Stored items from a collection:
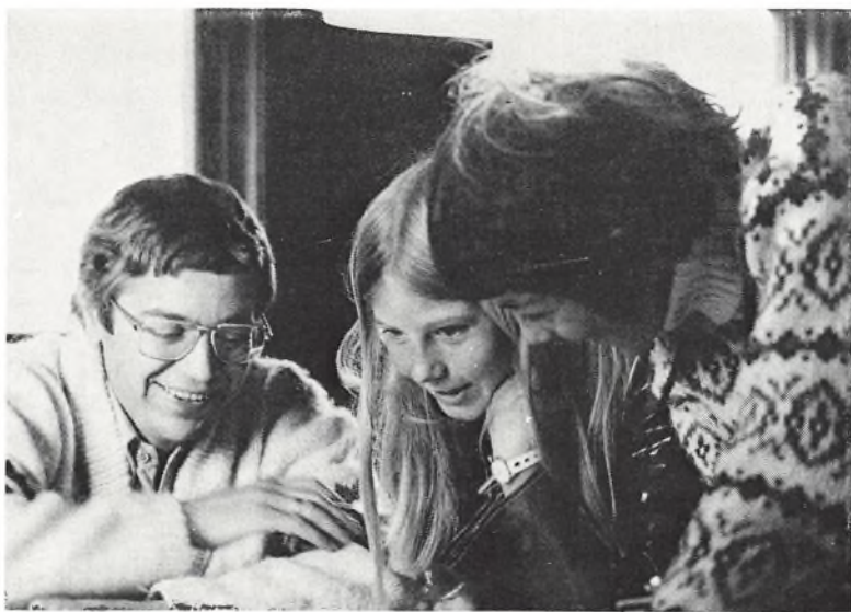
Man hygger sig.
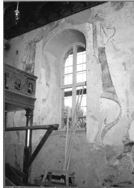
Draperimålning på norra väggen före komplettering i slutet av 1960-talet.

En ny restaurering genomfördes 1968 efter program av arkitekt Lars Stalin, Jönköping. Restaureringen var mycket omfattande och präglar fortfarande kyrkorummets uttryck. Från myndigheterna möttes omdaning med skepsis men församlingen tillsammans med arkitekten kunde driva igenom dess genomförande. Syftet med restaureringen var dels att åtgärda en del tekniska brister i kyrkan men också att skapa ett nytt uttryck i kyrkorummet. Bland de förändringar som skedde var en ny bänkinredning som gjordes med en modern och tidstypisk utformning. I samband med att bänkinredningen ersattes plockades golvet ut och en arkeologisk undersökning utfördes. I vapenhuset utfördes en ny inredning med pelare-balksystem och nya toalett- och förrådsutrymmen förlades i vapenhuset. I korfönstren tillkom glasmålningar utförda av konstnären Uno Lindberg från Eskilstuna och 1700-talsmaleriet plockades fram och rengjordes. En utvändig och invändig ommålning utfördes och det finns källor som talar för att kyrkan utvändigt kan ha målats med färg från KEIM.
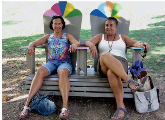
GV Frohsinn: Die Pause ist vorbei - bitte Chorproben trotz Hitze und Sommerwetter nicht verpassen!

Die Pause ist vorbei - bitte Chorproben trotz Hitze und Sommerwetter nicht verpassen!
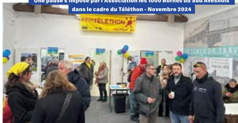
Une pause s'impose par l'Association les 1000 Bornes du Sud Avesnois dans le cadre du Téléthon - Novembre 2024

• _What is expected_
Search the entries for the string "Chorproben" and return each line where it turns up.

• _Output for this exercise_
GV Frohsinn: Die Pause ist vorbei - bitte Chorproben trotz Hitze und Sommerwetter nicht verpassen!
Die Pause ist vorbei - bitte Chorproben trotz Hitze und Sommerwetter nicht verpassen!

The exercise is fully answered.